Although her first novel would not be published until 1902, Wharton by no means came to literature late in life. Fluent in German (along with Italian and French), her first published work was a translation of a poem by Heinrich Karl Brugsch at the age of fifteen. Her father arranged for the private publication of a collection of original and translated poems, and she would have several poems appear in The Atlantic Monthly when she was just eighteen years old. She was close with several of her father's associates, many of whom supported her desire to write and would serve as mentors as she sought to advance her relatively limited formal education.
But while her privileged upbringing offered some benefits, as she reached adulthood Wharton found that it stymied her. She hadn't been able to put her name to the work she'd done as a teenager because writing was seen as unbecoming for a woman of her status, and her parents feared for her marriage prospects if such a fact were to come to light. She also bristled at the attitudes and gender norms she was subjected to growing up. Viewing the expectations New York high society placed on women as facile and oppressive, she would employ these criticisms to great effect in several of her later works.
Wharton during her lifetime was viewed as a technically skilled, albeit restrained, writer. This extended beyond the realm of fiction as well. Fighting France: From Dunkerque to Belfort, a compilation of magazine articles she wrote chronicling her travels around France during the First World War became a bestseller. As for her fiction, despite generally positive reception she frequently came under criticism from various authors and editors. Wharton's primary innovation was transplanting the detailed, realistic portrayals of social environments typical of British fiction to an American setting, specifically "Aristocratic" New York. She did this to much acclaim with House of Mirth in 1905, and a string of well-received novels cemented her status as a progenitor of modern American fiction.
Unfortunately her placement by critics at the forefront of American literature opened her up to criticism, first from some other "naturalist" writers who felt her focus on 19th century elites was stale in light of newer works which tackled more marginalized,obscure and exotic environments, and later in her career from modernist critics and authors who thought her narrative structure defiantly conservative.

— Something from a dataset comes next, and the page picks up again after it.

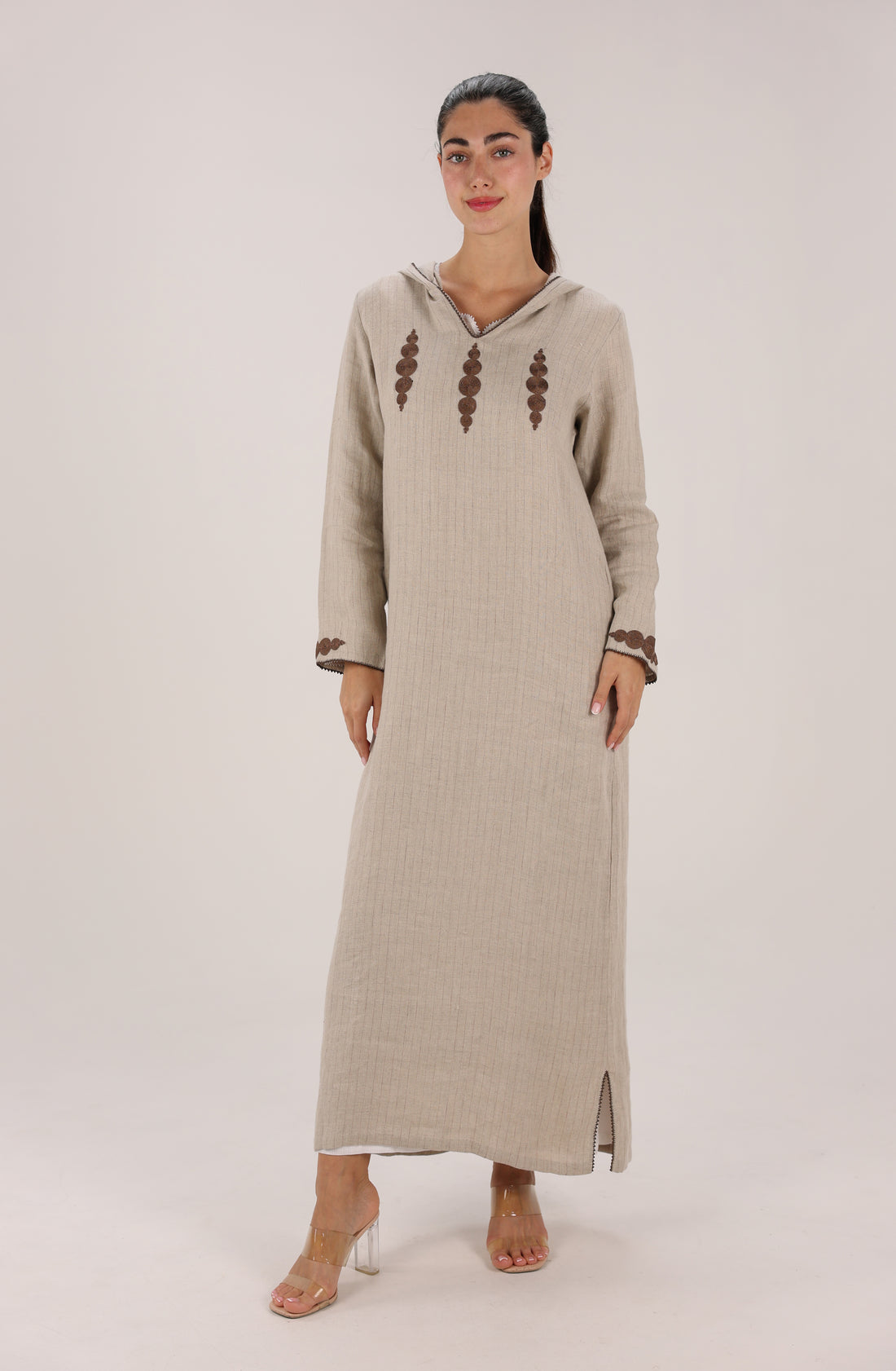 Natural Beige Two-Piece Hooded Djellaba Set

A Pulitzer would be enough to secure Wharton a place in history, but to her numerous boosters she represents something else entirely, namely a force bound by few conventions. The admittedly remote subject matter detailed in her novels were borne of a surprisingly frank creative process, one that seemingly ran counter to the conception of authors as tortured artists bearing a combination of unique insights and compelling voice entirely beyond the capability of a layperson. As she would write in an Atlantic Magazine article towards the end of her life, "“I remember saying to myself, when the book was done: ‘I don’t yet know how to write a novel; but I know how to find out how to.’” It perhaps is only too fitting that the chronicler of a world inaccessible to the average person would be the one to suggest that hard work could make a writer out of anybody.